_PROBLEM:_ Skip the pictures, please, and write out exactly the lines from the opening of the data through the line containing "Namche Bazar vom".

DATA SHOWN START

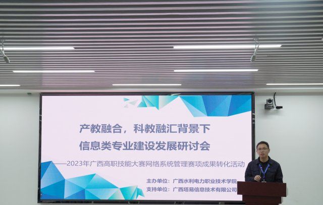 本次研讨会由信息工程学院与广西塔易信息技术有限公司共同协作组织。会上,学校刘存香副校长发表致辞,他希望校企双方能够推进交流与合作,实现优势互补、资源共享,积极深化产教融合与人才培养改革,在职业教育现代化发展中拿出更多系统性、突破性、引领性的改革创新成果。
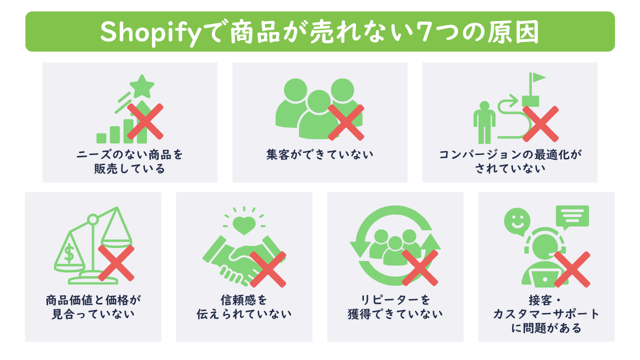Shopifyで商品が売れないときによく見られる7つの原因を紹介します。
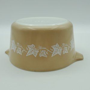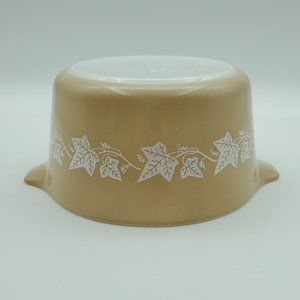Pyrex Sandalwood 473 1 Quart Casserole Dish White Leaves on Tan
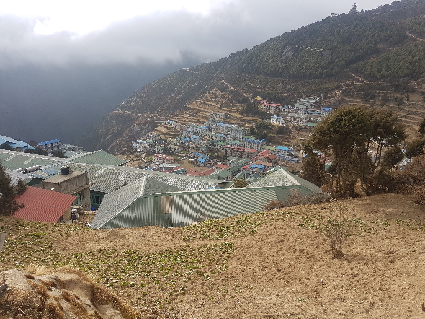 Namche Bazar vom Rückweg aus gesehen. Im Hintergrund ist der Weg nach Thame zu erkennen.
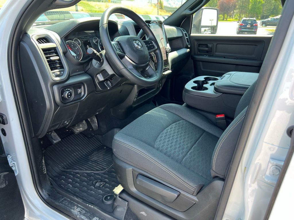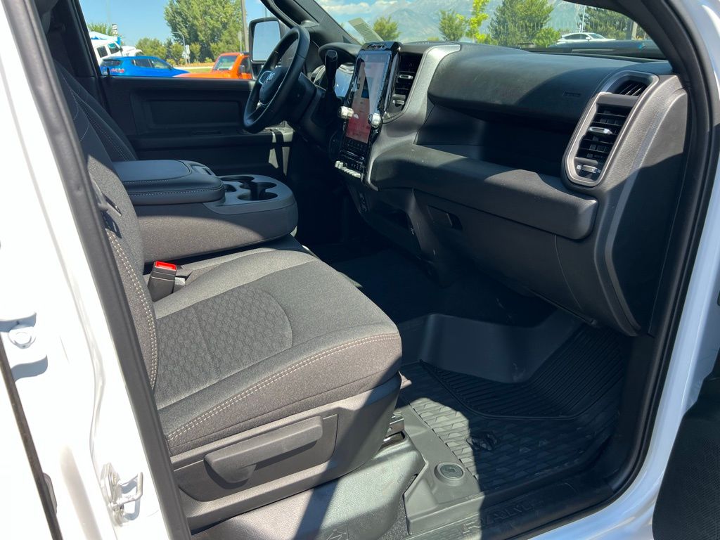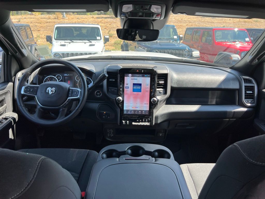 Quick Order Package 24A Tradesman, Tradesman Level 1 Equipment Group (115-Volt Auxiliary Front Power Outlet, 12" Touchscreen Display, 2 Way Rear Headrest Seat, 4 Way Front Headrests, 40/20/40 Split Bench Seat, 400W Inverter, 4G LTE Wi-Fi Hot Spot, Air Conditioning ATC with Dual Zone Control, Alexa Built-in, Apple CarPlay, Auto-Dimming Rear-View Mirror, Black Exterior Mirrors, Carpet Floor Covering, Cloth 40/20/40 Bench Seat, Connected Travel and Traffic Services, Connectivity - US/Canada, Convenience Group, Disassociated Touchscreen Display, Emergency Vehicle Alert System (EVAS), Exterior 115V AC Outlet, Exterior Mirrors Courtesy Lamps, Exterior Mirrors with Heating Element, Exterior Mirrors with Supplemental Signals, For Details Visit DriveUconnect.com, For More Info, Call 800-643-2112, Front and Rear Floor Mats, Front Armrest with Cupholders, Global Telematics Box Module, Google Android Auto, GPS Antenna Input, GPS Navigation, HD Radio, Integrated Voice Command with Bluetooth, Manual Adjust 4-Way Driver Seat, Manual Adjust 4-Way Front Passenger Seat, Manual Folding Exterior Mirrors, Manual Telescoping Mirrors, Mirror Running Lights, Mopar Black Tubular Side Steps, Off-Road Information Pages, ParkSense Front/Rear Park Assist System, Power Adjust Mirrors, Power Heat Fold Telescopic Mirrors, Power-Adjustable Convex Aux Mirrors, Radio: Uconnect 5 Navigation with 12.0" Display, Rear Folding Seat, Rear Power Sliding Window, Remote USB Port - Charge Only, Selectable Tire Fill Alert, SiriusXM Radio Service, SiriusXM with 360L, Storage Tray, Tinted Acoustic Windshield Glass, and Trailer Tow Pages), 4-Wheel Disc Brakes, 50 Gallon Fuel Tank, 5th Wheel/Gooseneck Towing Prep Group, 6 Speakers, ABS brakes, Air Conditioning, AM/FM radio: SiriusXM, Apple CarPlay/Android Auto, Black Wheel Center Hub, Brake assist, Compass, Delay-off headlights, Driver door bin, Dual front impact airbags, Dual front side impact airbags, Electronic Stability Control, Front anti-roll bar, Front Center Armrest w/Storage, Front fog lights, Front License Plate Bracket, Front reading lights, Fully automatic headlights, Illuminated entry, Low tire pressure warning, MOPAR Front and Rear Rubber Floor Mats, Occupant sensing airbag, Outside temperature display, Overhead airbag, Overhead console, Panic alarm, ParkView Rear Back-Up Camera, Passenger door bin, Passenger vanity mirror, Power steering, Power windows, Radio data system, Radio: Uconnect 5 with 8.4" Display, Rear step bumper, Rear window defroster, Remote keyless entry, Speed control, Tachometer, Tilt steering wheel, Traction control, Variably intermittent wipers, Voltmeter, and Wheels: 18" x 8.0" Black Painted SteeL. Price may include: $1000 - 2026 National Bonus Cash . Exp. 02/02/2026 $1,500 trade in allowance program for customers that own a 2018 or newer passenger car or truck with less than 80,000 miles and trade in their vehicle towards the purchase of a new vehicle. Some restrictions may apply. Contact dealer for details. ...Sale price includes a $2,500 conditional Ram finance discount. To qualify, customer must finance or lease through Chrysler Capital. Factory-subsidized interest rate loans are not eligible. If customer does not finance or lease through Chrysler Capital, the $2,500 finance discount will not apply and sale price will increase by $2,500. Some restrictions may apply. See dealer for details.
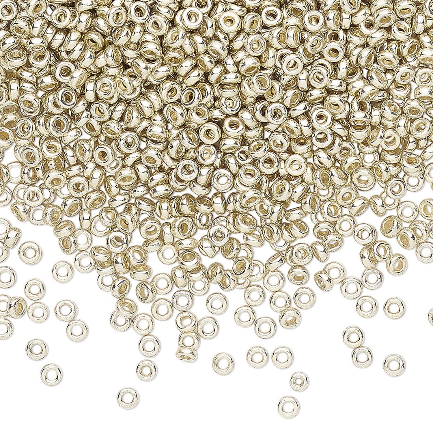 Seed bead, Miyuki, glass, pkg/10g, 2.2x1mm spacer rondelle, opaque brass-plated, (SPR2.2-4201).
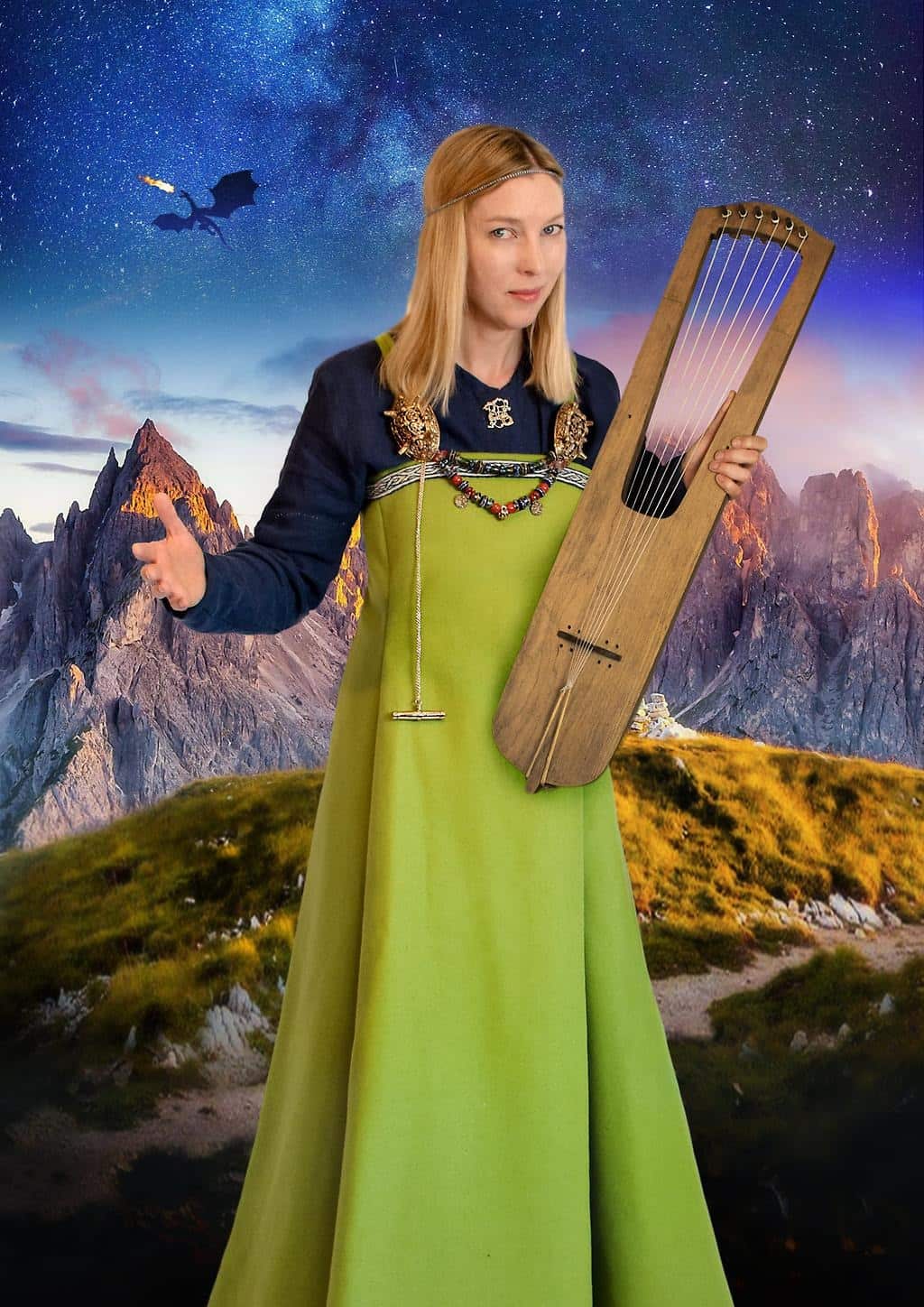 Vikingatida sagor, kvinnliga krigare och draklegender vävs samman till en spännande familjeföreställning med rikspelmannen Anna Rynefors.
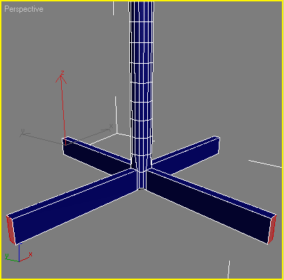 Штатив складається із стійки і хрестовини, яка додає конструкції стояти. Змоделюємо їх за допомогою стандартного примітиву Cylinder (Циліндр) і редагованих поверхонь. Створіть у вікні проекції стандартний примітив Cylinder (Циліндр) з наступними параметрами: Radius (Радіус) - 40, Height (Висота) - 850, Height Segments (Кількість сегментів по висоті) - 13, Cap Segments (Кількість сегментів в основі) - 1, Sides (Кількість сторін - 16 Щоб об'єкт прийняв згладжену форму, встановіть прапорець Smooth (Згладжування). Одержаний об'єкт необхідно вирівняти так, щоб він розташовувався в площині XY під виступом, створеним на корпусі мотора. Зробити це можна двома способами. Більш простій, але в той же час не зовсім точний - перейти у вікно проекції Bottom (Знизу) і за допомогою команди Move (Переміщення) підібрати положення об'єкту на око. Щоб більш точно розташувати штатив відносно виступу, створеного на корпусі мотора, необхідно використовувати команду вирівнювання. Зробити це можна буде тільки в тому випадку, якщо виступ буде самостійним об'єктом. Щоб перетворити його в незалежний об'єкт, виділіть корпус мотора. Перейдіть на вкладку Modify (Зміна) командної панелі. Розкрійте рядок Editable Poly: в стеку модифікаторів, клацнувши на значку плюса. Перемкніться в режим полігон.

DATA SHOWN END

_ANSWER TO THE EXERCISE:_
 本次研讨会由信息工程学院与广西塔易信息技术有限公司共同协作组织。会上,学校刘存香副校长发表致辞,他希望校企双方能够推进交流与合作,实现优势互补、资源共享,积极深化产教融合与人才培养改革,在职业教育现代化发展中拿出更多系统性、突破性、引领性的改革创新成果。
Shopifyで商品が売れないときによく見られる7つの原因を紹介します。
Pyrex Sandalwood 473 1 Quart Casserole Dish White Leaves on Tan
 Namche Bazar vom Rückweg aus gesehen. Im Hintergrund ist der Weg nach Thame zu erkennen.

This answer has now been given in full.